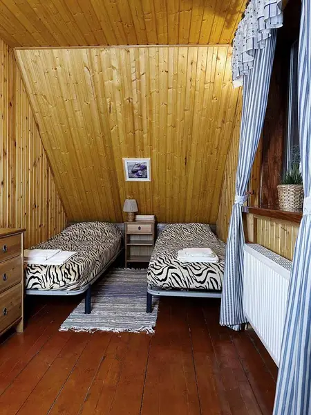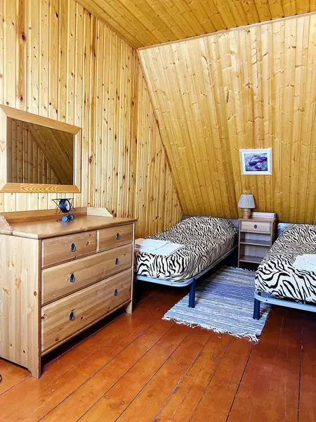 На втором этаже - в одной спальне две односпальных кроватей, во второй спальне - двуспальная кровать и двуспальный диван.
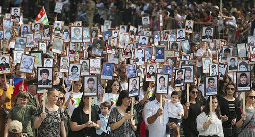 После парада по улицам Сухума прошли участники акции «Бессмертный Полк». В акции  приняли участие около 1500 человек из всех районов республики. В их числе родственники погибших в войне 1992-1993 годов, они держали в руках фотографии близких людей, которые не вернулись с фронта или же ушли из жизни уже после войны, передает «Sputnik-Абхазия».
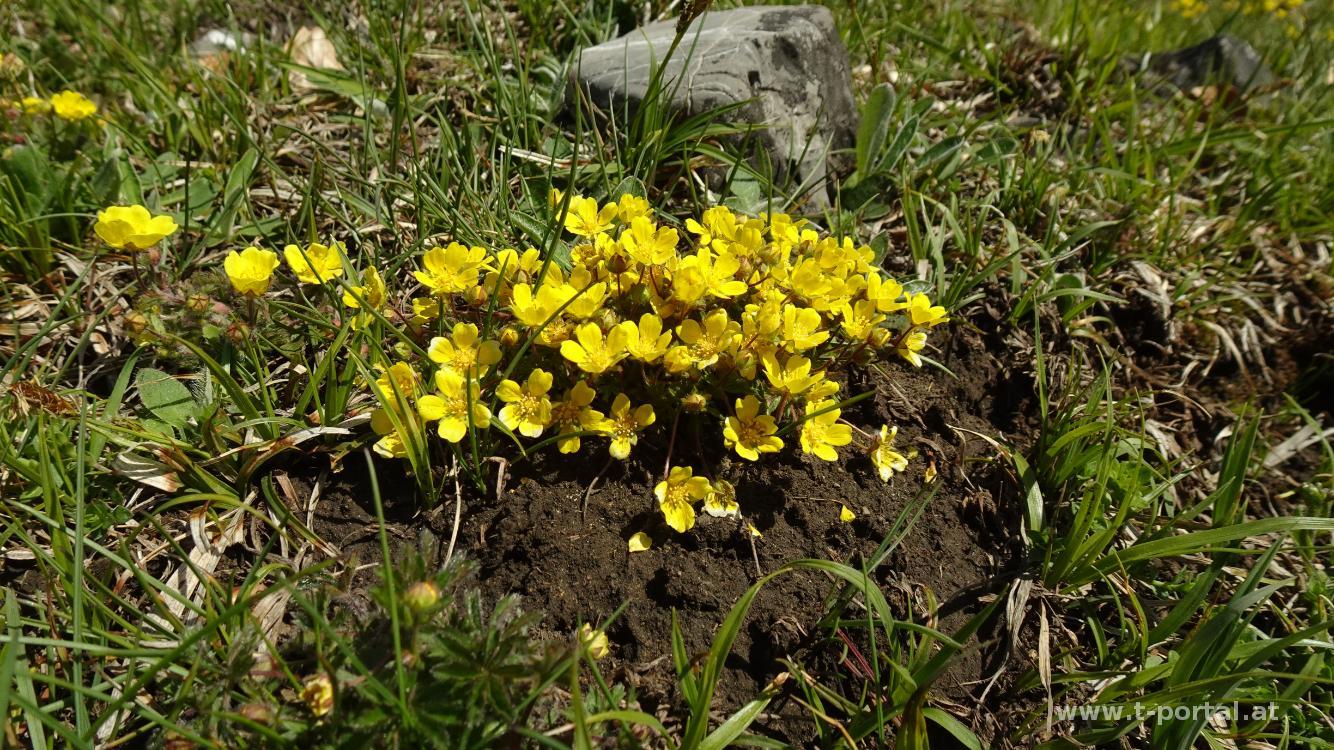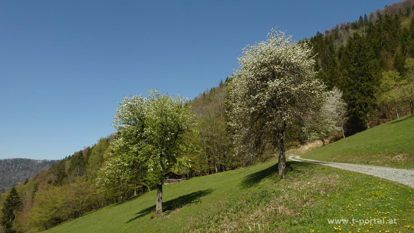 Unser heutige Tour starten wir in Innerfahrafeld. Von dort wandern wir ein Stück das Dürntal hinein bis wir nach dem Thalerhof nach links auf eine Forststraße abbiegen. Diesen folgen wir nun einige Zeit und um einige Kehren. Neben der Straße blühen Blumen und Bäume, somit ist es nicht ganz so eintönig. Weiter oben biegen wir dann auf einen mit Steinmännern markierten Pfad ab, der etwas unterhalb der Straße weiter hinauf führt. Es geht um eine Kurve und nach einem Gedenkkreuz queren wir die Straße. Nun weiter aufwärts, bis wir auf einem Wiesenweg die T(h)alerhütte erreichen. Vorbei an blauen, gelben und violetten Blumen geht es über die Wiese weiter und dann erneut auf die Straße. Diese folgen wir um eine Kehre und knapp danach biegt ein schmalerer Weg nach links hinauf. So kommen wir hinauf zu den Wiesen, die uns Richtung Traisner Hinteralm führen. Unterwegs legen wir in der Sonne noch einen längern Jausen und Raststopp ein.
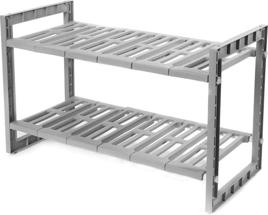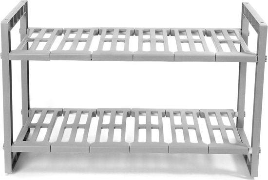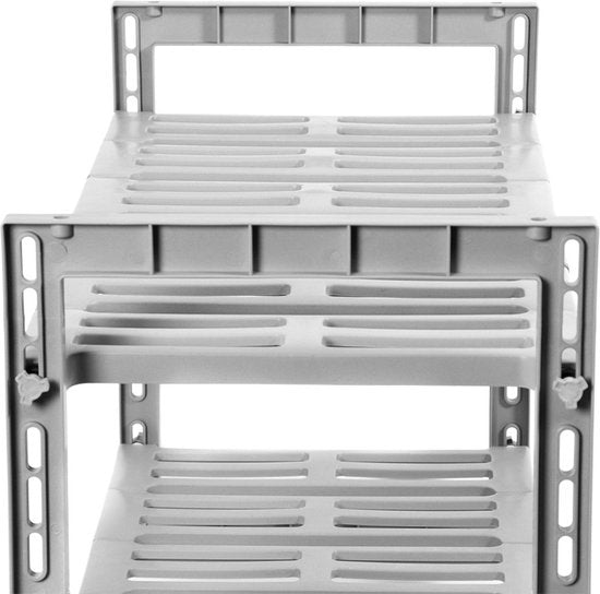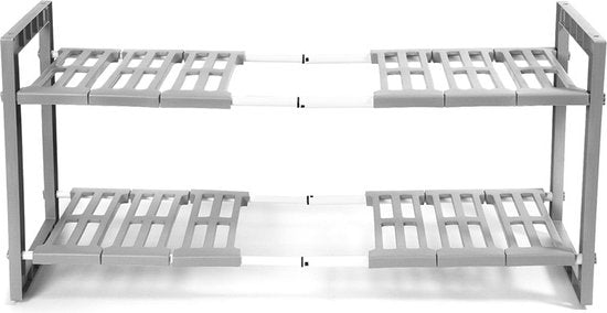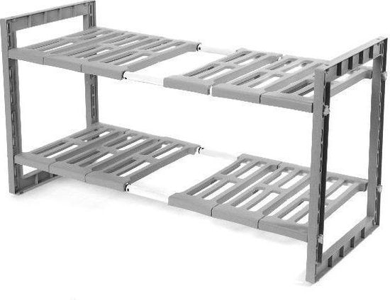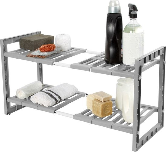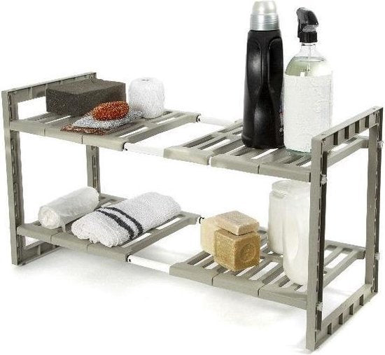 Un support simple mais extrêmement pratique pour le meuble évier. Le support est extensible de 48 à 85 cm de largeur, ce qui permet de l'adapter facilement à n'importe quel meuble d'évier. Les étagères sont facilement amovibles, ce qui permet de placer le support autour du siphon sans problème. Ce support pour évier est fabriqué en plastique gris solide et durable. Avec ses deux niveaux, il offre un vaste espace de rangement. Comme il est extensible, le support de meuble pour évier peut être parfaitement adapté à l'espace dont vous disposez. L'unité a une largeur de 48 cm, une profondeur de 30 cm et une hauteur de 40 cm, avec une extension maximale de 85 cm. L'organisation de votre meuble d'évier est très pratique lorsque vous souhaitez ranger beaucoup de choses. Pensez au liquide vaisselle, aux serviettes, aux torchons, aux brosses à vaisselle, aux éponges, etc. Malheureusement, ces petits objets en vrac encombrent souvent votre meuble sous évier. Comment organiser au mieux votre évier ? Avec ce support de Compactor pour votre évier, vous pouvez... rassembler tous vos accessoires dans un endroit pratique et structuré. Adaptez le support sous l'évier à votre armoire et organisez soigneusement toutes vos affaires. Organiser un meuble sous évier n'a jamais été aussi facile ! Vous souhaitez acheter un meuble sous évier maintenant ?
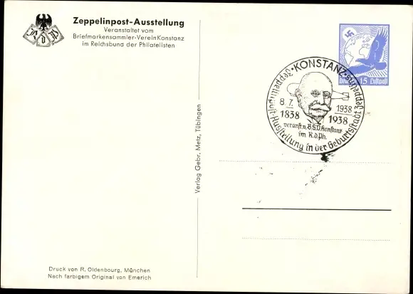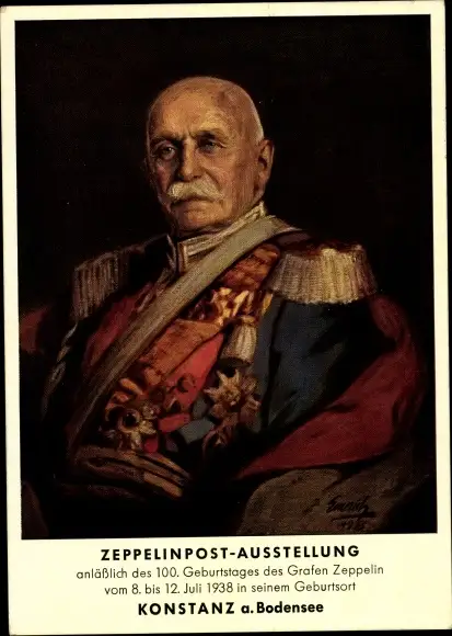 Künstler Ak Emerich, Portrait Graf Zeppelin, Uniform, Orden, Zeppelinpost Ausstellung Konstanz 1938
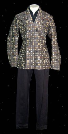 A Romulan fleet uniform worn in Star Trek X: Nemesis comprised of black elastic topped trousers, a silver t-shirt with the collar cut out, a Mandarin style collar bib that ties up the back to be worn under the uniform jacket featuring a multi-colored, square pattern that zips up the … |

──────────────────────────────

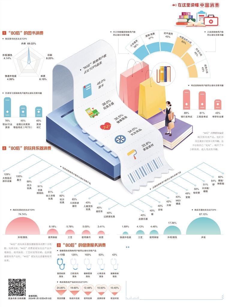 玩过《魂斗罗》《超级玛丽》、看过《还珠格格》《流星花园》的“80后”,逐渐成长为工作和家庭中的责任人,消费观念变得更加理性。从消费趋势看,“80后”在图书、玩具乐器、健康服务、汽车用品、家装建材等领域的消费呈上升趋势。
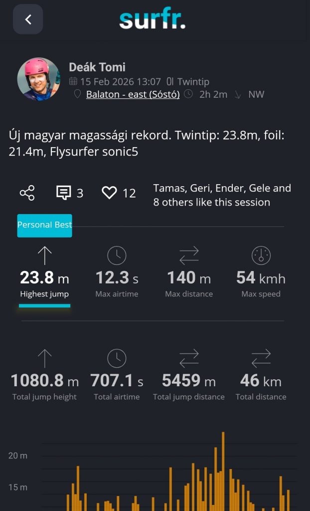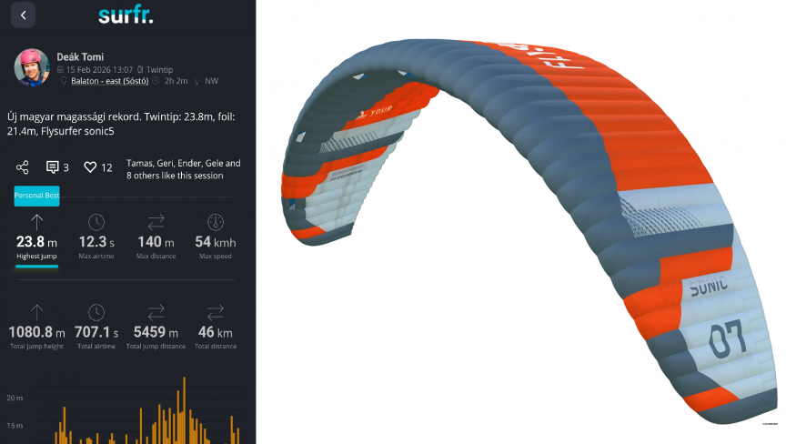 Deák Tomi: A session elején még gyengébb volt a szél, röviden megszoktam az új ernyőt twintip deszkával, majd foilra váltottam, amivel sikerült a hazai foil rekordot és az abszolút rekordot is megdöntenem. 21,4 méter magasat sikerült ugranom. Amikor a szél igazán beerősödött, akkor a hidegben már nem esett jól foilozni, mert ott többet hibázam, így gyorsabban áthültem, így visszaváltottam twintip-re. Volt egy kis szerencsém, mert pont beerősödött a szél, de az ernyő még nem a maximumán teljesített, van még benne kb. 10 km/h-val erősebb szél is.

──────────────────────────────

Look above for the line with "Künstler Ak Emerich, Portrait" and the line with "A Romulan fleet", then restate exactly those two lines and all lines between them, with no pictures.

### RESPONSE AREA
 Künstler Ak Emerich, Portrait Graf Zeppelin, Uniform, Orden, Zeppelinpost Ausstellung Konstanz 1938
 A Romulan fleet uniform worn in Star Trek X: Nemesis comprised of black elastic topped trousers, a silver t-shirt with the collar cut out, a Mandarin style collar bib that ties up the back to be worn under the uniform jacket featuring a multi-colored, square pattern that zips up the … |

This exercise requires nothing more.